9. Prioritize Human-in-the-Loop for High Risk
For high-risk AI agent activities, design systems where human approval is required only for critical, high-risk actions, filtering out trivial requests to avoid “click fatigue.”
7 Key Quotes
Today, probably 95% of the code that I produce, I didn't type it myself.
Simon Willison
Using coding agents well is taking every inch of my 25 years of experience as a software engineer.
Simon Willison
I can fire up four agents in parallel and have them work on four different problems, by 11 a.m. I am wiped out.
Simon Willison
The problem is the people in the middle. Like if you're mid career, if you haven't made it to sort of super senior engineer yet, but you're not sort of new either.

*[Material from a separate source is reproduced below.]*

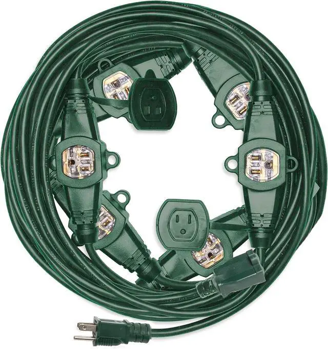 Weatherproof & Heavy Duty: Flexible vinyl covering protects cords against water, snow, abrasion and sunlight. Great for gardening, landscaping, or powering outdoor lights. This 14 AWG heavy duty extension cord with multiple evenly spaced outlets is great for gardening, landscaping, powering household major appliances, leaf blower, and any uses.

That's the, that's the group which ThoughtWorks Resolved were probably in the most trouble right now.
Simon Willison
I think agents have no agency at all. Like I would argue that the one thing AI can never have is agency because it doesn't have human motivations.
Simon Willison
I think the biggest opportunity in AI right now, if you can build safe OpenClaw, if you can deploy a version of OpenClaw that does all the things people love about it and won't randomly leak people's data and delete their files, that's a huge opportunity.
Simon Willison
I think something people often miss is that this space is inherently funny. Like it is ridiculous.
Simon Willison
1 Protocols
Red/Green Test-Driven Development with AI Agents
Simon Willison- Instruct the AI agent to write the automated test for the desired functionality.
- Run the test and observe it fail (red), confirming the test is correctly designed to detect the absence of the feature.
- Instruct the AI agent to implement the code necessary to make the test pass.
- Run the test again and observe it pass (green), confirming the functionality is correctly implemented.